Housing faces two challenges this decade.
- Building buildings more people can afford
- Building buildings fit for natural hazards, and ones that rid themselves of the embodied carbon tied to climate collapse
Can a private enterprise building company make a viable business model that goes head-on at both challenges? Can it execute successfully, and sustain operations that perform at high output levels on and on and on? Can the sheer magnitude and level of difficulty of these challenges serve as an exact measure of business opportunity?
It seems so, and we'll get to that in a minute.
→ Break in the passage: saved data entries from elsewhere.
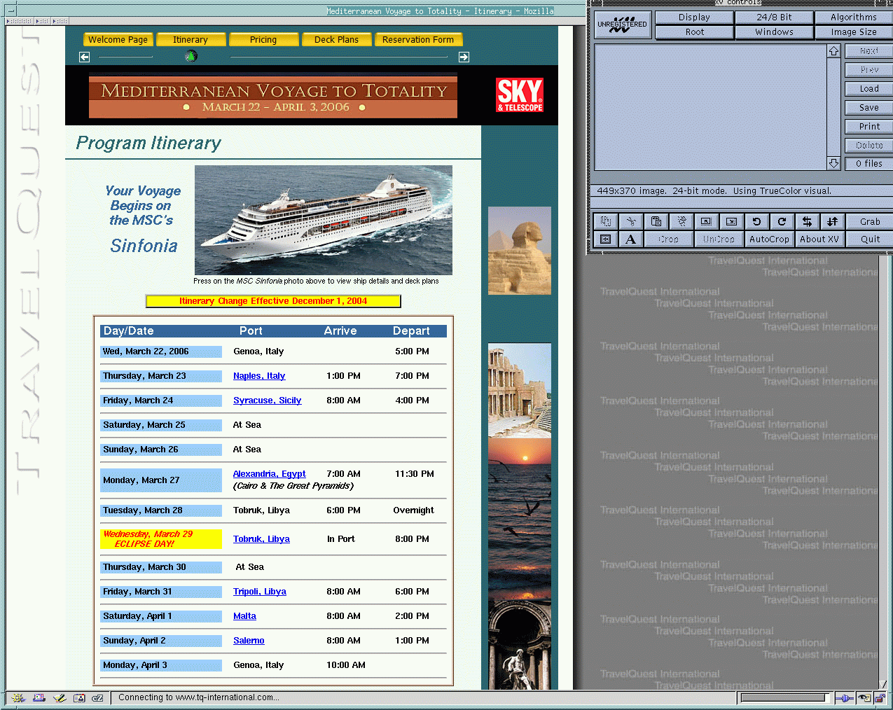 Wednesday, March 22 Genoa, Italy Thursday, March 23 Naples, Italy Friday, March 24 Syracuse, Sicily Saturday, March 25 At Sea Sunday, March 26 At Sea Monday, March 27 Alexandria, Egypt (bus to the Pyramids) Tuesday, March 28 Tobruk, Libya March 29: ECLIPSE DAY! Tobruk, Libya Thursday, March 30 At Sea Friday, March 31 Tripoli, Libya Saturday, April 1 Malta Sunday, April 2 Salerno, Italy Monday, April 3 Genoa, Italy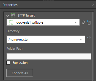 From its Properties panel, select the required target from the server list drop-down, then choose the required Directory and provide the folder path. The path can be a static value pasted in the Folder Path field, or you can create a dynamic PQL expression in the PQL editor.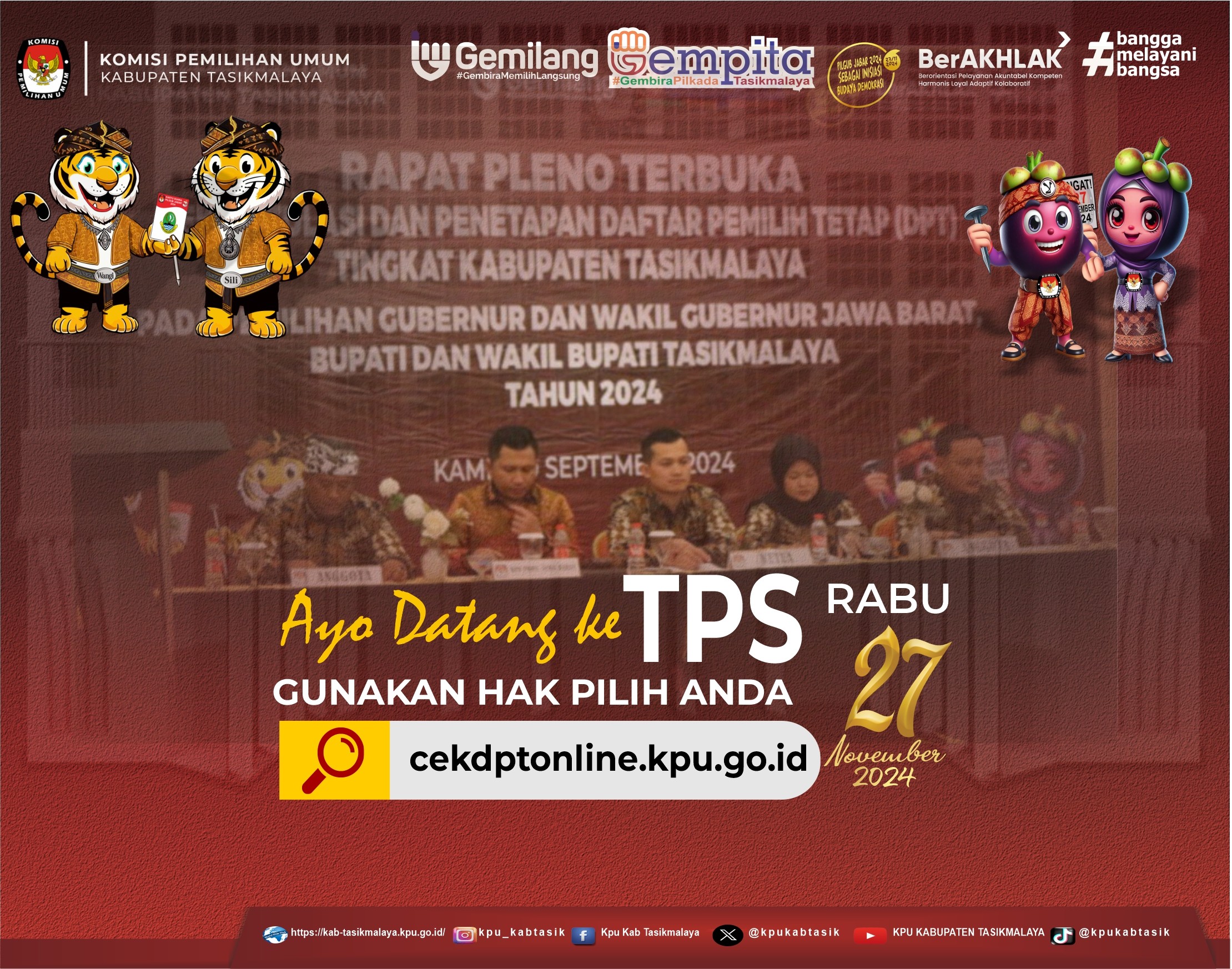 Pada hari kamis, 19 September 2024 KPU Kabupaten Tasikmalaya melaksanakan Rapat Pleno Terbuka Rekapitulasi dan Penetapan Daftar Pemilih Tetap (DPT) Tingkat Kabupaten Tasikmalaya pada Pemilihan Gubernur dan Wakil Gubernur Jawa Barat, Bupati dan Wakil Bupati Tasikmalaya Tahun 2024 bertempat di Alhambra Hotel & Convention Singaparna - Kabupaten Tasikmalaya. Peserta rapat terdiri dari Ketua dan Divisi Rendatin PPK Se Kabupaten Tasikmalaya. Tamu undangan rapat ada Perwakilan dari Bakal Calon Bupati dan Wakil Bupati Tasikmalaya, Perwakilan dari Bakal Calon Gubernur dan Wakil Gubernur Jawa Barat, Partai Politik dan Forkopimda Kabupaten Tasikmalaya, tidak lupa ada Bawaslu Kabupaten Tasikmalaya ikut mengawasi Rapat Pleno Terbuka Rekapitulasi dan Penetapan Daftar Pemilih Tetap (DPT) Tingkat Kabupaten Tasikmalaya.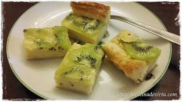 Extendemos la nata sobre el hojaldre, sobre la nata colocamos las cerezas y kiwis, después adornamos con el chocolate dejando caer un hilillos sobre la tarta, dejar enfriar en el frigorífico antes de servir.
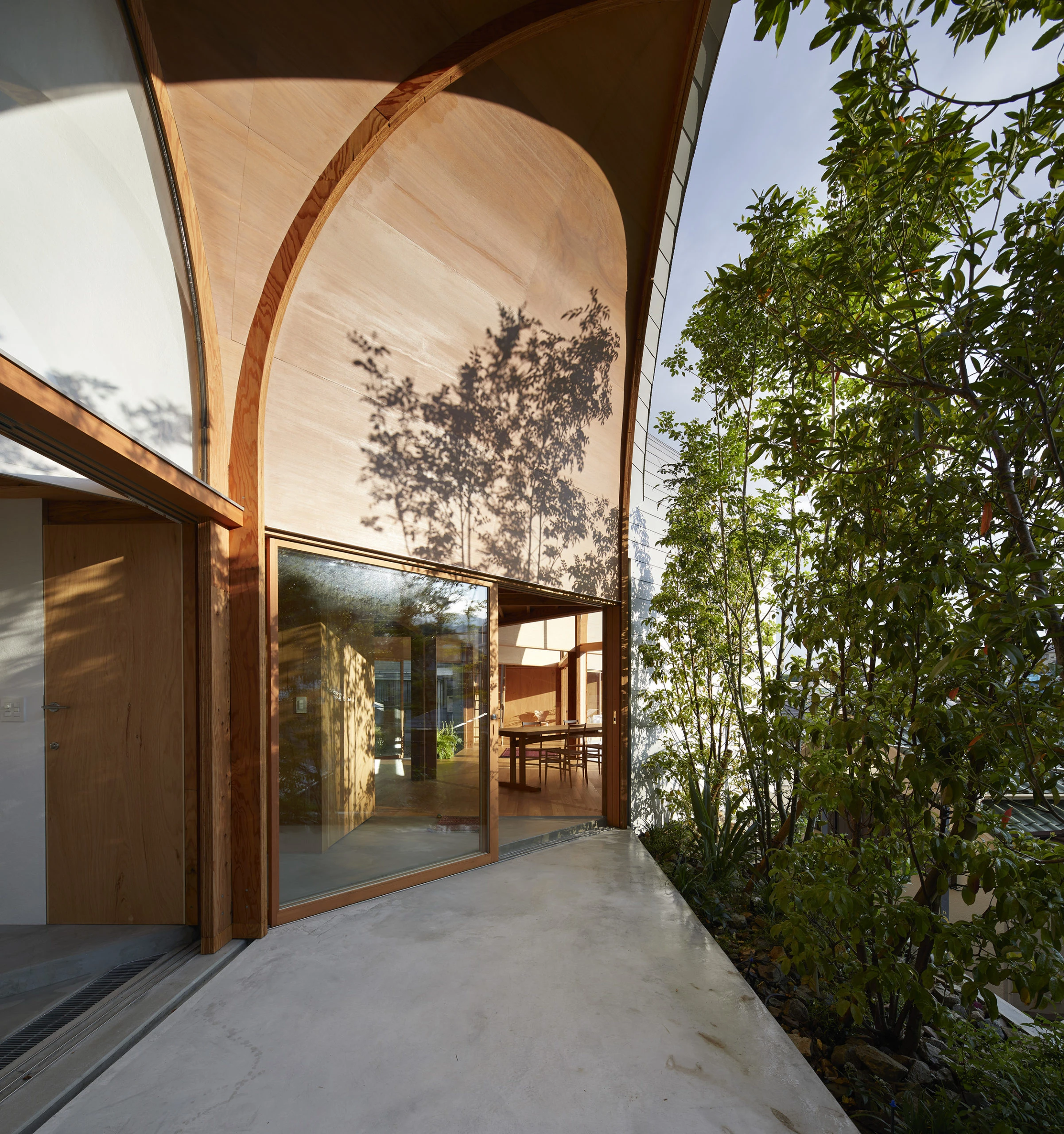 Tomohiro Hata Architect and Associates designed House in Koyoen for a site in Koyoen, Japan, where retaining walls and winding roads define the neighborhood. The area developed over time through successive construction, leaving walls of varying ages that shape how residents move through the terrain.

First, context.
Katerra went hard at the first challenge, building more affordably to improve humanity.
With Softbank's billion-dollar treasure trove of venture capital, it "productized" the building lifecycle, modeling a home and its enclosure and systems ingredients as a technology. Katerra proposed to seize direct control of this simplified, diagrammatically streamlined, productized lifecycle, and then "bend its cost curve" downward. With financial muscle, scale, clout, and, it theorized, dominance – down to excruciatingly detailed bill of materials subcomponents and raw sources – it would own its ecosystem, and suck out channel transfers and hand-off costs. This end-to-end control of the process and its pieces would produce buildings that would expand the box of access and attainability to a bigger pool of renters and buyers by lowering prices.
Construction Physics' Brian Potter – an engineer, building scientist, and crystal-clear writer who worked for two-and-a-half years at Katerra, writes in his Katerra epitaph.
This was the Katerra playbook when I joined the company. They would design a series of building products that could be mass-produced in their own factories, leveraging economies of scale and advanced manufacturing to build more efficiently than conventional construction. These products would be full of Katerra-supplied materials - everything from lightbulbs, to countertops, to bathroom fixtures, to appliances would all be Katerra brand. They would acquire general contractors in different markets to give them a nationwide construction footprint, and hire the various trades to self-perform all the construction work.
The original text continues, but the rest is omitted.